_DATA TO EXAMINE_
********************

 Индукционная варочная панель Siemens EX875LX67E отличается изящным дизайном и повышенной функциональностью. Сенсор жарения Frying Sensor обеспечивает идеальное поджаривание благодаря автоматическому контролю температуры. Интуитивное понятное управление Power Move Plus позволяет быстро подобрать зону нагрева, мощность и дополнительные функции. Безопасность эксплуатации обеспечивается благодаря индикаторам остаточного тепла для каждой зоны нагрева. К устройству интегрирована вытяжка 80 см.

********************

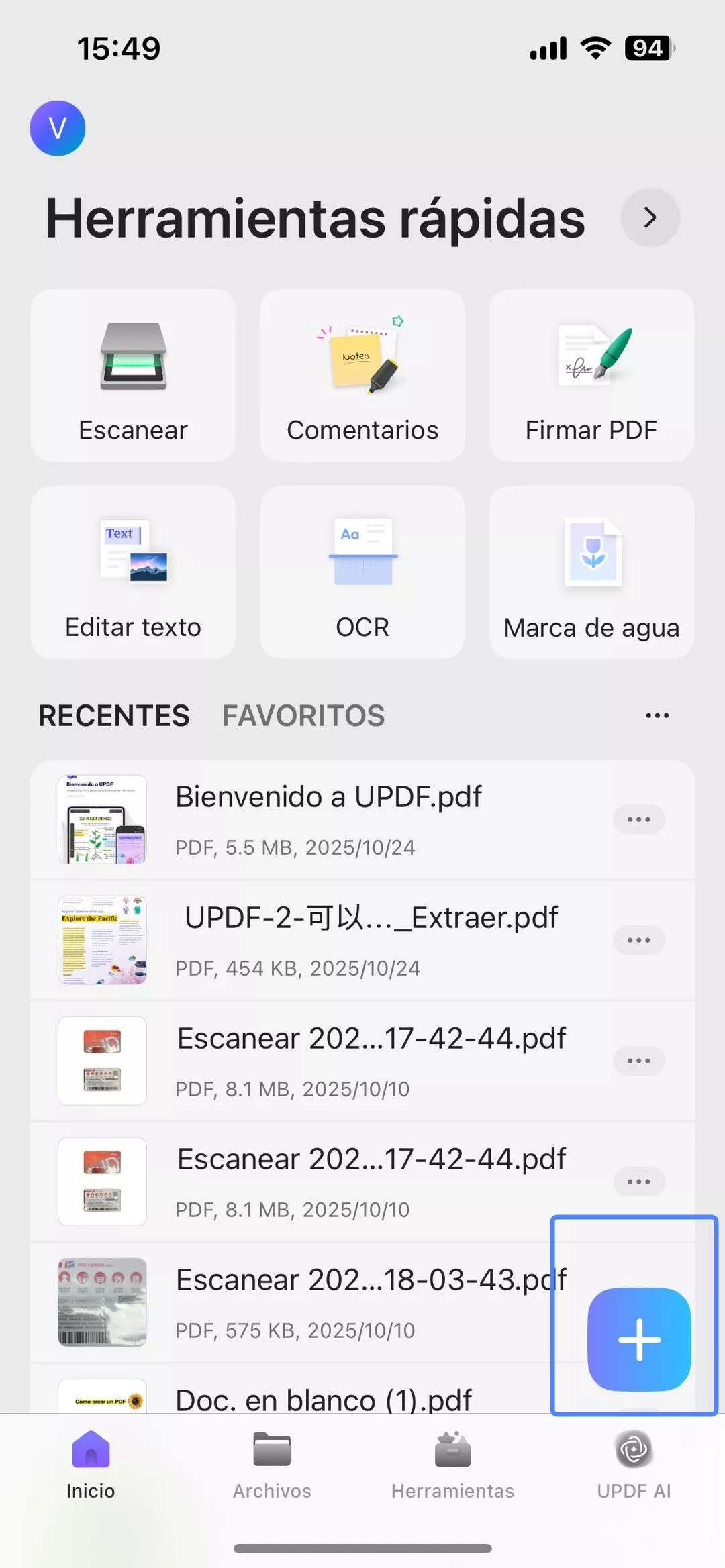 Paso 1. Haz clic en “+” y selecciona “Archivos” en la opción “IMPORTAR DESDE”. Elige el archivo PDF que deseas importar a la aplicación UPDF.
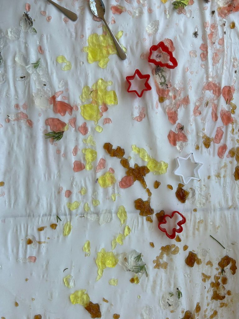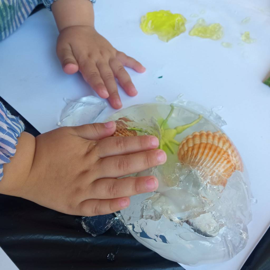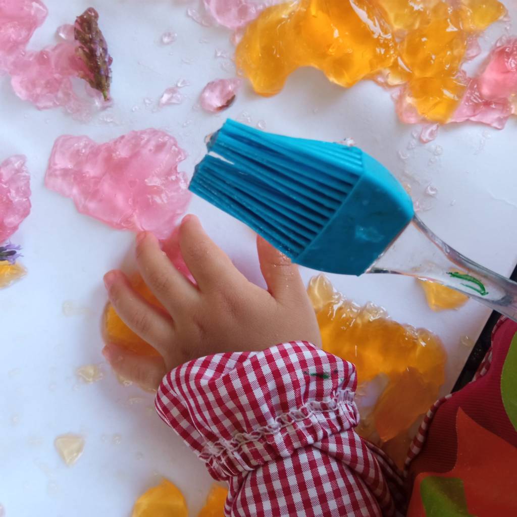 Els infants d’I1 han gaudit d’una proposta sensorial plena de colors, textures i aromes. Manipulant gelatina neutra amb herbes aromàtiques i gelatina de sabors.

********************

_TASK DETAILS_
Your answer is the exact run of lines above from the one with "Paso 1. Haz" through the one with "Els infants d’I1", both ends included, minus any picture.

_WRITTEN RESPONSE_
 Paso 1. Haz clic en “+” y selecciona “Archivos” en la opción “IMPORTAR DESDE”. Elige el archivo PDF que deseas importar a la aplicación UPDF.
 Els infants d’I1 han gaudit d’una proposta sensorial plena de colors, textures i aromes. Manipulant gelatina neutra amb herbes aromàtiques i gelatina de sabors.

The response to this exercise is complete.